GIVEN RECORDS ▸
------------------------------
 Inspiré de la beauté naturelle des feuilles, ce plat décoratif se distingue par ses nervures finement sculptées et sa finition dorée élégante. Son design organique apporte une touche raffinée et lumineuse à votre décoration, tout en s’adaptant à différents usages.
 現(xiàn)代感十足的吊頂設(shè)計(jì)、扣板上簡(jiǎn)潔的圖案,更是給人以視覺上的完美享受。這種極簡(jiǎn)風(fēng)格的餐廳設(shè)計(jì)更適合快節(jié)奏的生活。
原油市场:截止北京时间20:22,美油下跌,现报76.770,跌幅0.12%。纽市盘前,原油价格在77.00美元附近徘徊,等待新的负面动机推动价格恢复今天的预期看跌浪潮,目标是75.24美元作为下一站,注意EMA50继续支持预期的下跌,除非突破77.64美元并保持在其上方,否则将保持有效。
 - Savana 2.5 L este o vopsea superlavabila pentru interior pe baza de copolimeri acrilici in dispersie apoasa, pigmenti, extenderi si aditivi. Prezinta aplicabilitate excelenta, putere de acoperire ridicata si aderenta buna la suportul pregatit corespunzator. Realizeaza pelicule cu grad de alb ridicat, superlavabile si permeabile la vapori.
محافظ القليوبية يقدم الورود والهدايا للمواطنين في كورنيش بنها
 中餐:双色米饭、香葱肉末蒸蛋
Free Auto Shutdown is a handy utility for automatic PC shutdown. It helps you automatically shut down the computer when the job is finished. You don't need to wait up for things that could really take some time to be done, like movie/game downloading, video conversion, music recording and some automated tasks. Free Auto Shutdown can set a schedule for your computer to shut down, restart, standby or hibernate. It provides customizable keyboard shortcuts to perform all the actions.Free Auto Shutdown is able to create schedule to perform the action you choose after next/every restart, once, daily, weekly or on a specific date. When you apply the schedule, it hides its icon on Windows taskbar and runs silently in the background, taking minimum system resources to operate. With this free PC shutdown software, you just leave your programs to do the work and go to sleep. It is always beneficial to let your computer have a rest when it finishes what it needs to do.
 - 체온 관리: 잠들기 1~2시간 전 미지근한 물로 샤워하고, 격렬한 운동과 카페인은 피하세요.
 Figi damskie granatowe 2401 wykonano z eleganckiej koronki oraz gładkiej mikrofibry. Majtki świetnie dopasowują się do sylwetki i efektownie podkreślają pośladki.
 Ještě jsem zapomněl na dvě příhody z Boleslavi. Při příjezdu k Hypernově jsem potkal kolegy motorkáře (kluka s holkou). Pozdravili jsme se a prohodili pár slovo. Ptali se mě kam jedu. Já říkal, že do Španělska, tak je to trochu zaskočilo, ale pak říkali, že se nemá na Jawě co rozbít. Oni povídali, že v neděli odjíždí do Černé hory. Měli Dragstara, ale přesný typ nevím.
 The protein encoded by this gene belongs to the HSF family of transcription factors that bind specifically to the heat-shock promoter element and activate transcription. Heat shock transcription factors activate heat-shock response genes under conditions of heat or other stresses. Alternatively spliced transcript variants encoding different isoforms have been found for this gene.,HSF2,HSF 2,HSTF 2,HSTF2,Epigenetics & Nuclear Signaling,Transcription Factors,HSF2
------------------------------
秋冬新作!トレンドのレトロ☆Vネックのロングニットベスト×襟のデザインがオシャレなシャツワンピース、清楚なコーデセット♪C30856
------------------------------
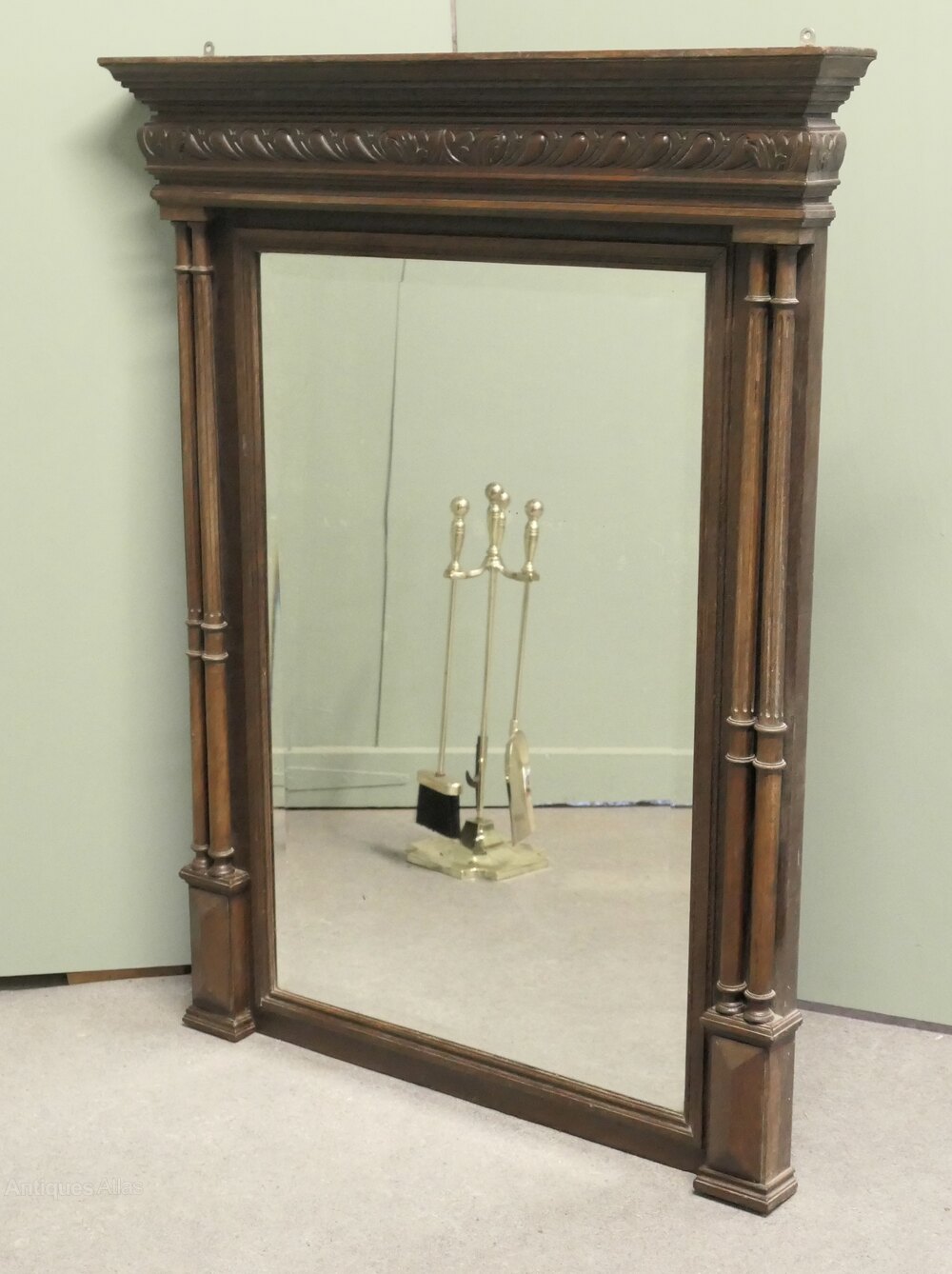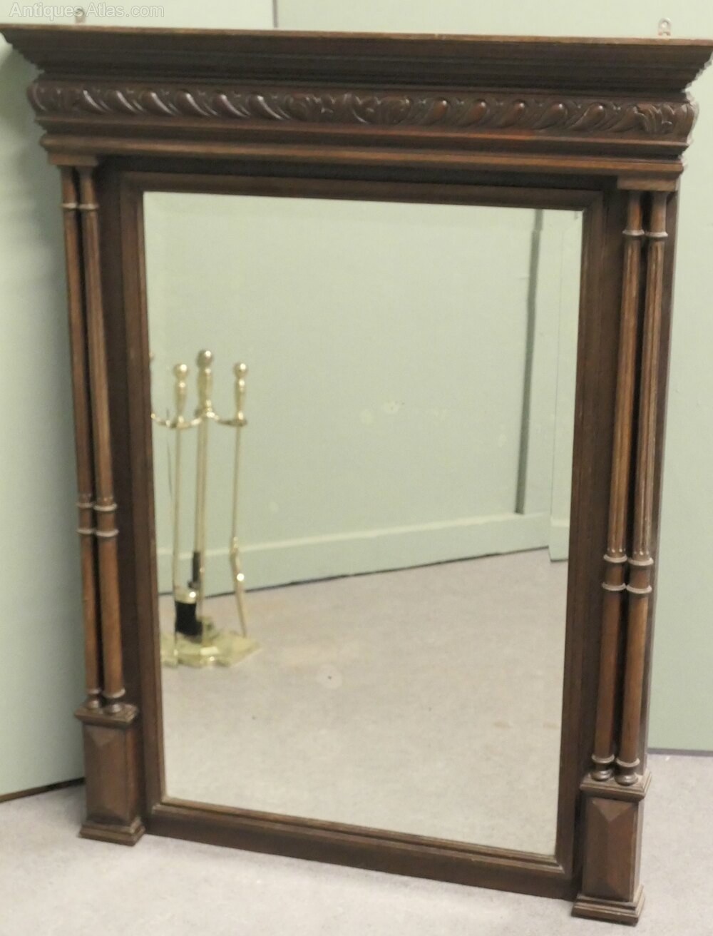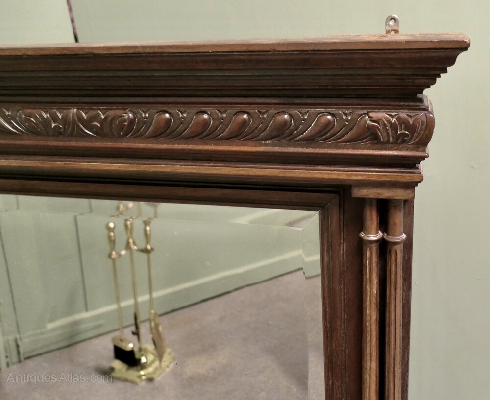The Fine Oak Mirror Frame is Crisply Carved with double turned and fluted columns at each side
------------------------------
TASK DIRECTIONS ▸
Look through the material for "have". Copy each line that has it.

EXERCISE SOLUTION ▸
Free Auto Shutdown is a handy utility for automatic PC shutdown. It helps you automatically shut down the computer when the job is finished. You don't need to wait up for things that could really take some time to be done, like movie/game downloading, video conversion, music recording and some automated tasks. Free Auto Shutdown can set a schedule for your computer to shut down, restart, standby or hibernate. It provides customizable keyboard shortcuts to perform all the actions.Free Auto Shutdown is able to create schedule to perform the action you choose after next/every restart, once, daily, weekly or on a specific date. When you apply the schedule, it hides its icon on Windows taskbar and runs silently in the background, taking minimum system resources to operate. With this free PC shutdown software, you just leave your programs to do the work and go to sleep. It is always beneficial to let your computer have a rest when it finishes what it needs to do.
 The protein encoded by this gene belongs to the HSF family of transcription factors that bind specifically to the heat-shock promoter element and activate transcription. Heat shock transcription factors activate heat-shock response genes under conditions of heat or other stresses. Alternatively spliced transcript variants encoding different isoforms have been found for this gene.,HSF2,HSF 2,HSTF 2,HSTF2,Epigenetics & Nuclear Signaling,Transcription Factors,HSF2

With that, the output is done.